Company notifies customers, advises using unique passwords

Mar 2, 2015 08:03 GMT  ·  By

Users with accounts at Toys “R” Us are informed by the company that a hard password reset procedure has been initiated for their accounts as a result of attempts from a third party to gain unauthorized access.

The decision comes not because the toys retailer’s computer network has fallen victim to a cyber-attack, but because a different company was compromised and the cybercriminals used those credentials to log into Toys “R” Us accounts.

Recycling credentials is a known problem in the security industry, despite the fact that experts did not waste any opportunity to draw attention to the fact that cybercriminals test the stolen username and password databases on multiple services in order to increase their revenue stream.

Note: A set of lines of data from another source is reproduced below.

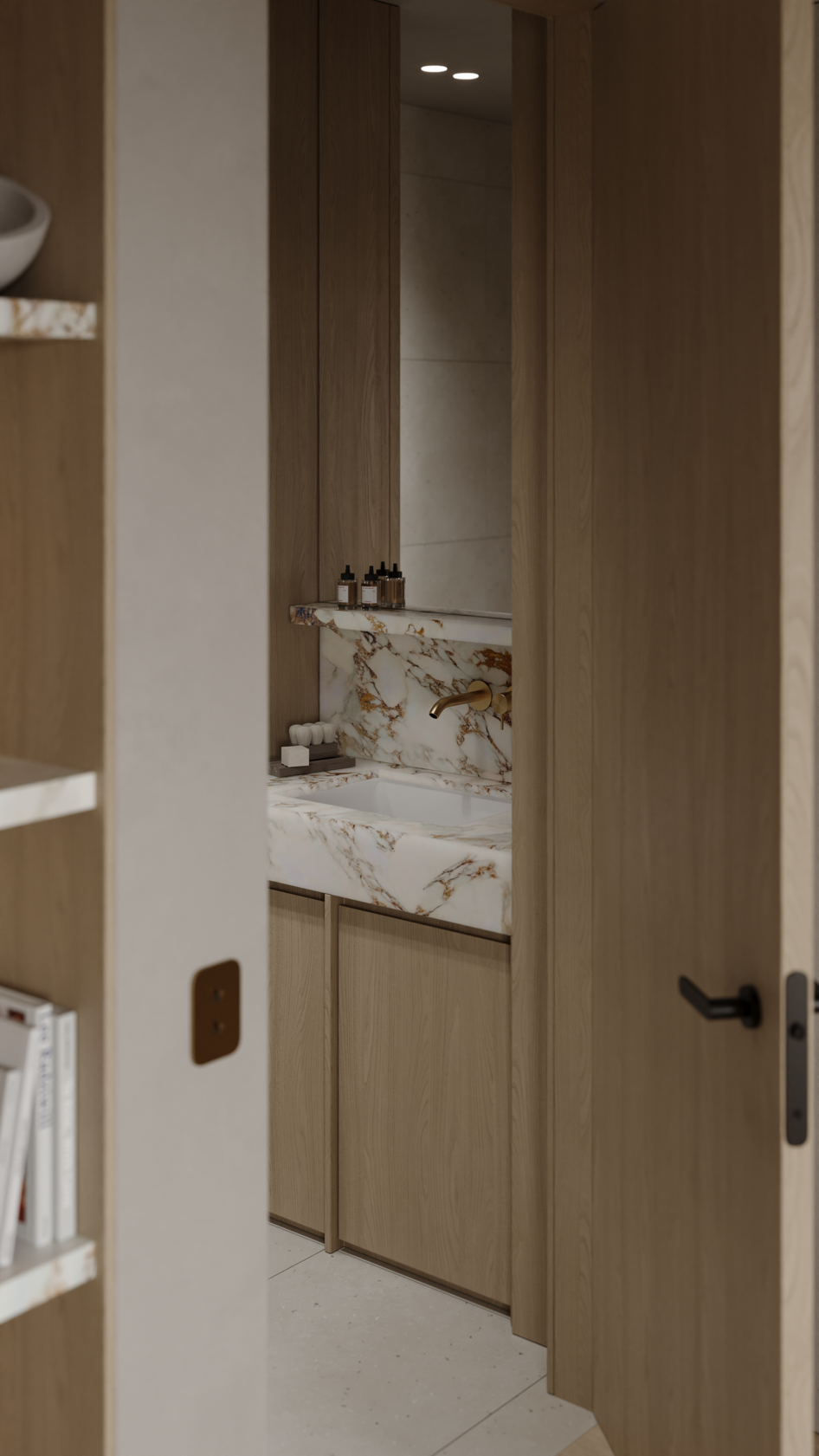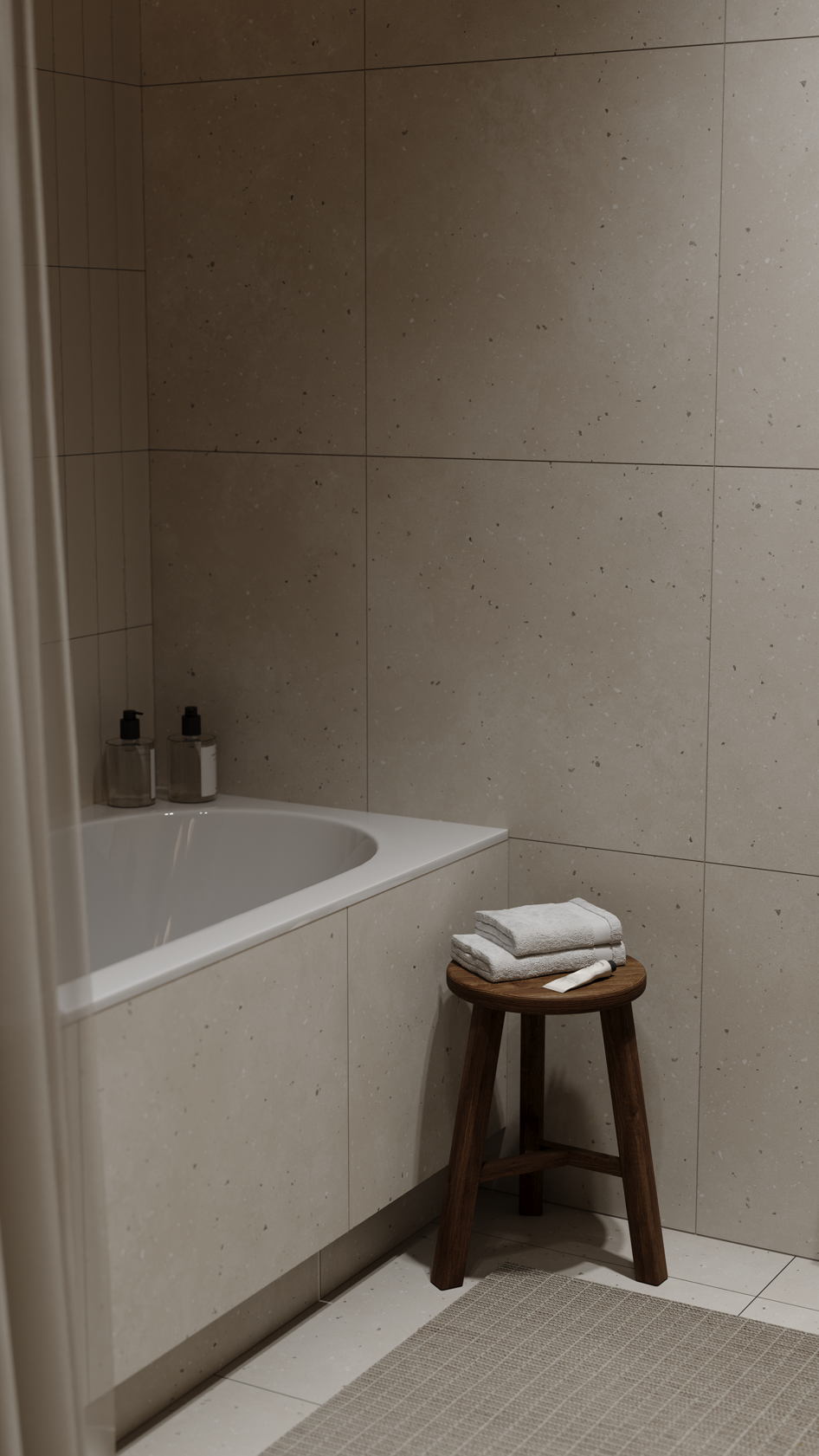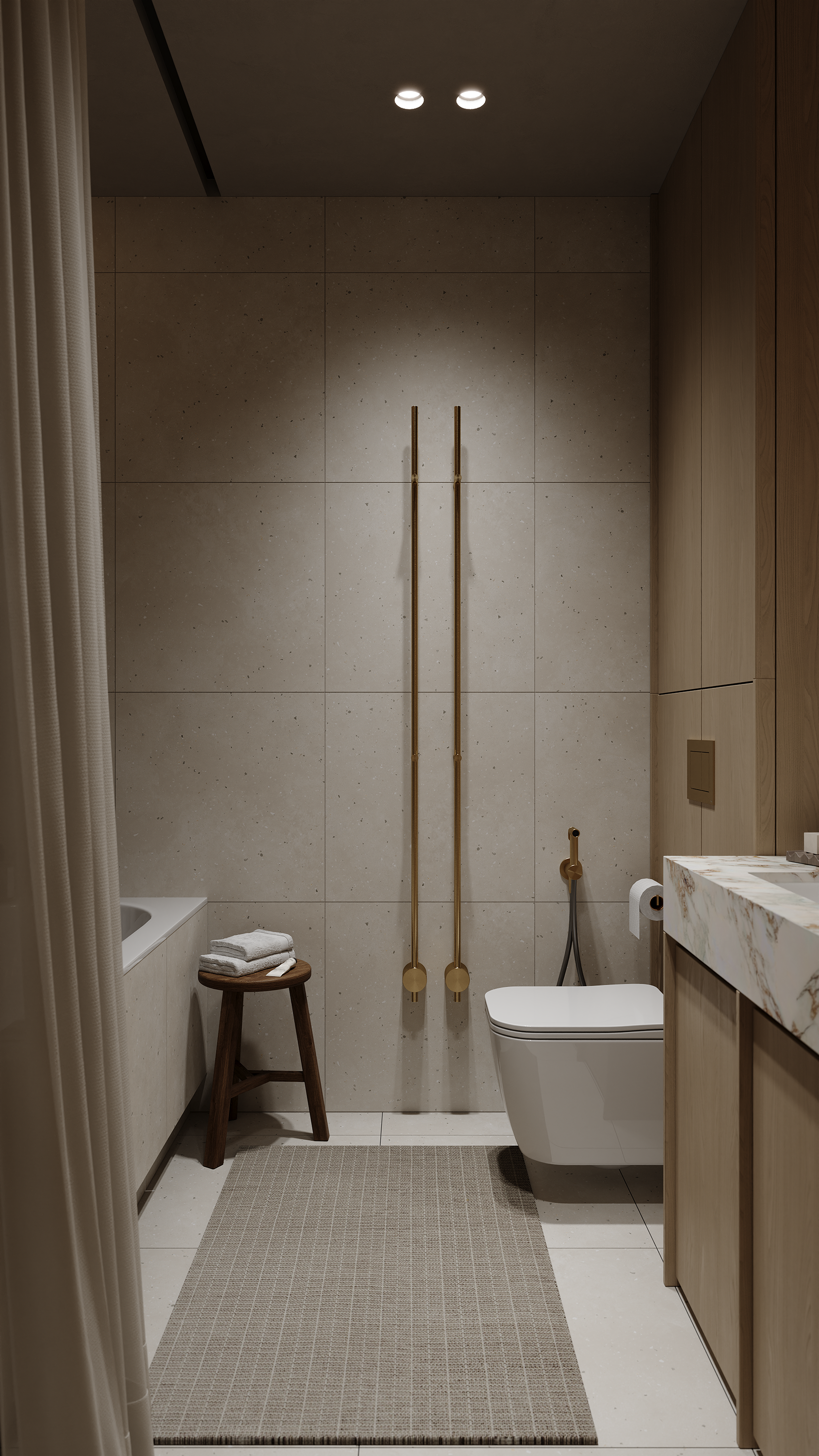 Ванная комната, где минимализм встречается с теплом натуральных текстур. Сдержанная палитра тёплых бежевых и песочных оттенков создаёт ощущение спокойствия и уюта, а сочетание крупноформатного керамогранита под камень и натурального дерева добавляет интерьеру глубину и тактильность.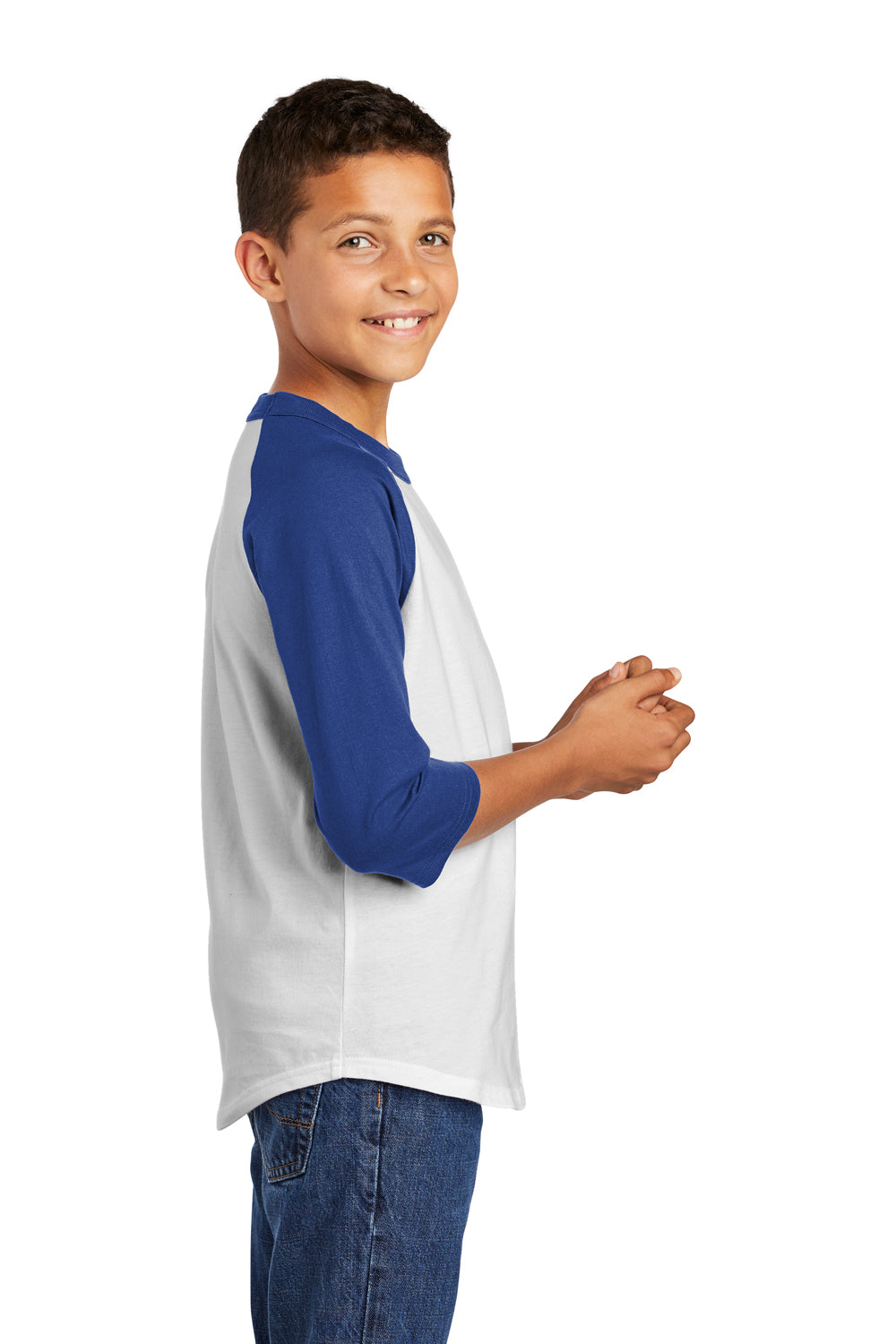 Sport-Tek Youth 3/4 Sleeve Crewneck T-Shirt - White/Royal Blue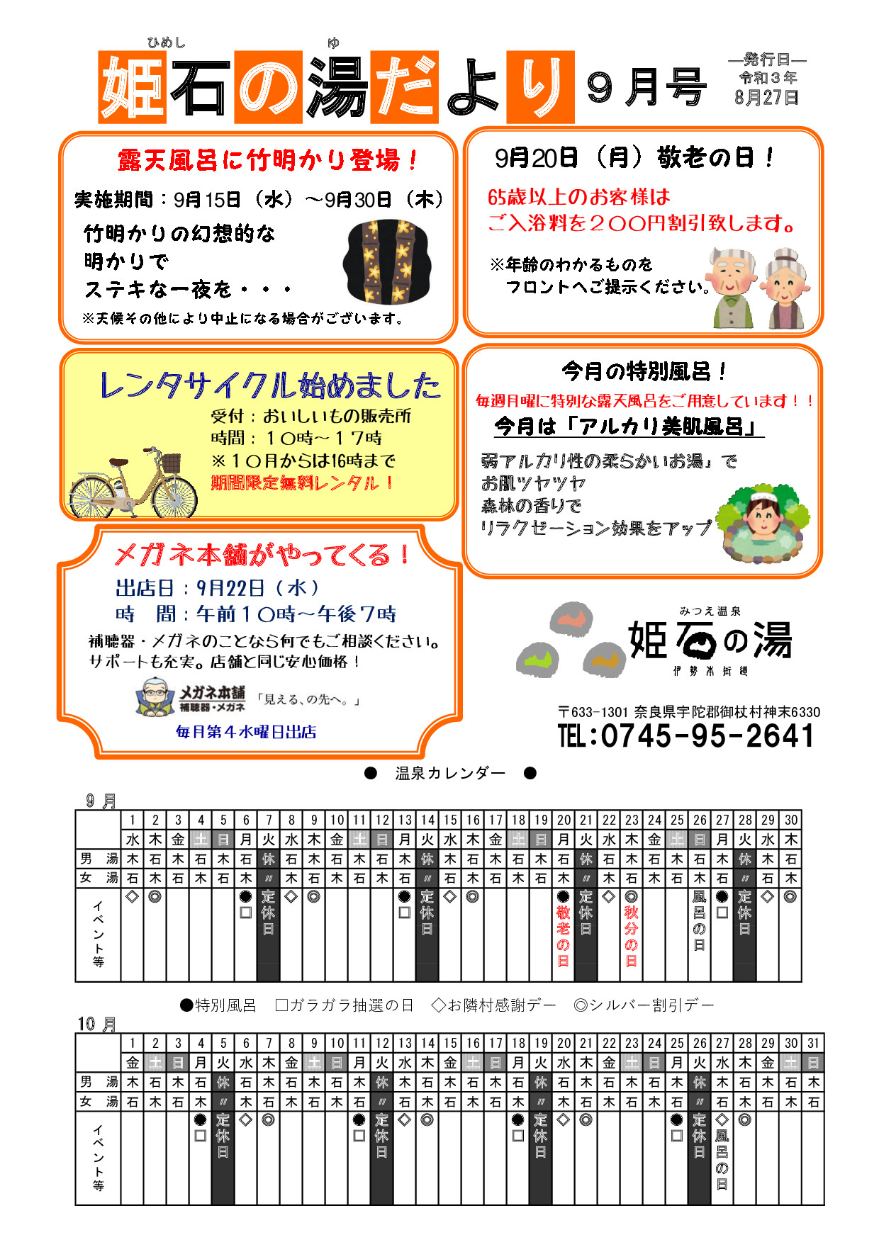 姫石の湯だより9月号 2025 12/22 お知らせ 2021年9月3日2025年12月22日 お知らせ レンタサイクル始めました! メガネ本舗がやってくる! 関連記事 ホームページリニューアルのお知らせ 2025年12月22日 ゆず湯のお知らせ 2025.12.22(月) 2025年12月14日 年末感謝祭のお知らせ 2025.12.21(日) 2025年12月14日 姫石の湯だより 2025.12月号 2025年12月1日 ご入浴回数券特別価格販売のお知らせ 2025年11月21日 臨時休業 時短営業のお知らせ 2025年11月21日 姫石の湯だより 2025.11月号 2025年11月12日 姫石の湯だより 2025.9月号 2025年9月1日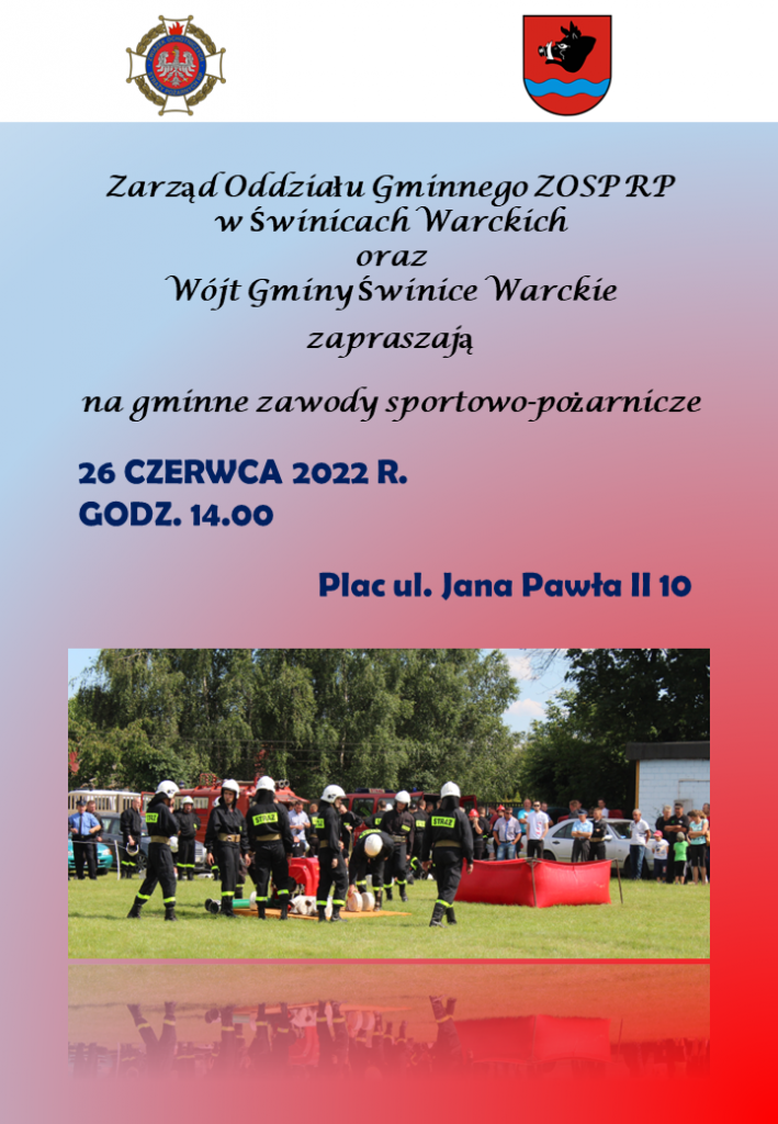 Zarząd Oddziału Gminnego ZOSP RP w Świnicach Warckich oraz Wójt Gminy Świnice Warckie zapraszają na Gminne Zawody Sportowo-Pożarnicze.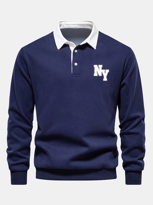 Los Angeles Print Contrast Polo Collar Sweatshirt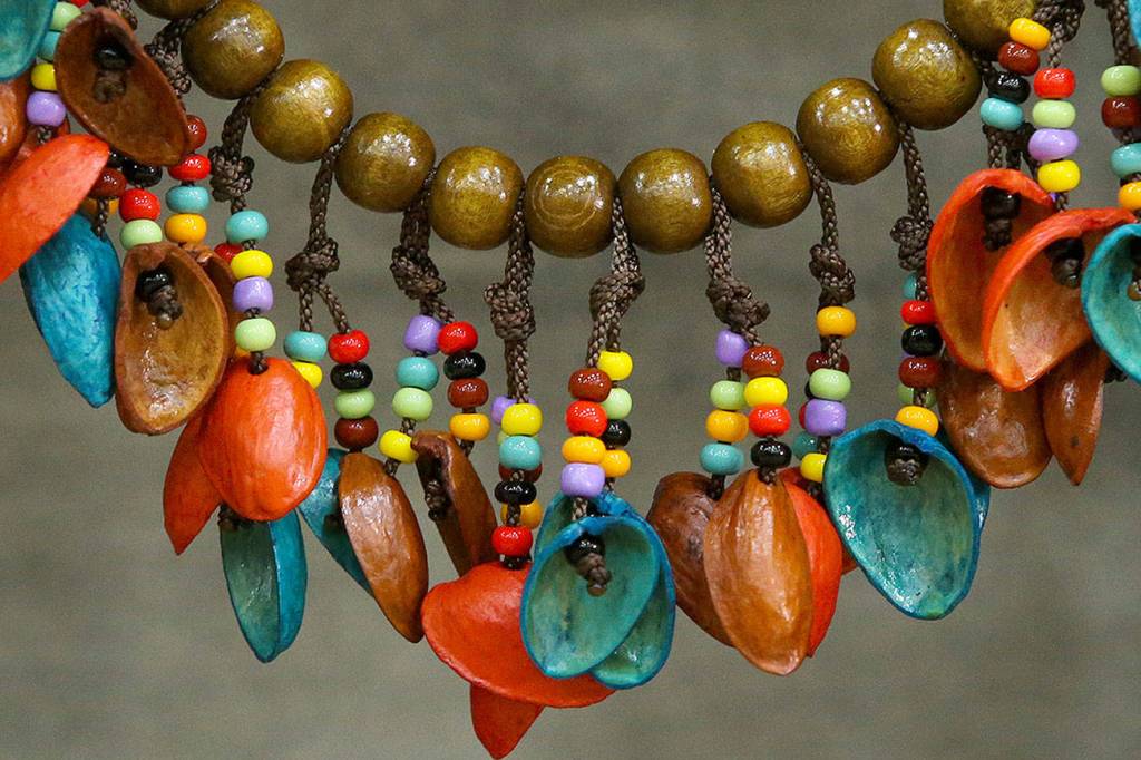 A necklace made with pistachio nut shells is seen at the Fall Home Show in Xfinity Arena on Oct. 27. (Andy Bronson / The Herald)

Customers have to define a new password

In a letter notifying its customers of the decision, the company explains that illegal log-in attempts have been recorded for a number of Rewards “R” Us accounts for a brief period of time, between January 28 and January 30.

“Out of an abundance of caution, we are therefore treating your account password as compromised and taking appropriate steps to address that situation,” the company says.

Users with a Geoffrey's Birthday Club account that have it linked to Rewards “R” Us are also affected by the password reset.

Clear instructions to get a new password based on the registration email used before January 28 are provided in the communication to the affected individuals.

Lost rewards are reinstated

The company assures that no losses that may have occurred as a result of this incident are to be incurred by its customers.

As such, all the points corresponding to reward dollars that have been printed during the aforementioned time frame are to be reinstated, even if the action was carried out legitimately by the users.

Additionally, Endless Earnings gift cards that were used between January 28-30 have been deactivated and new ones will be issued, with the amount available as of January 27.

The company offers a set of best practices to ensure that customers rely on strong protection for their accounts; mixing letters, numbers and symbols in the password is at the top of the recommendations, followed by the advice to use a unique string for each online account.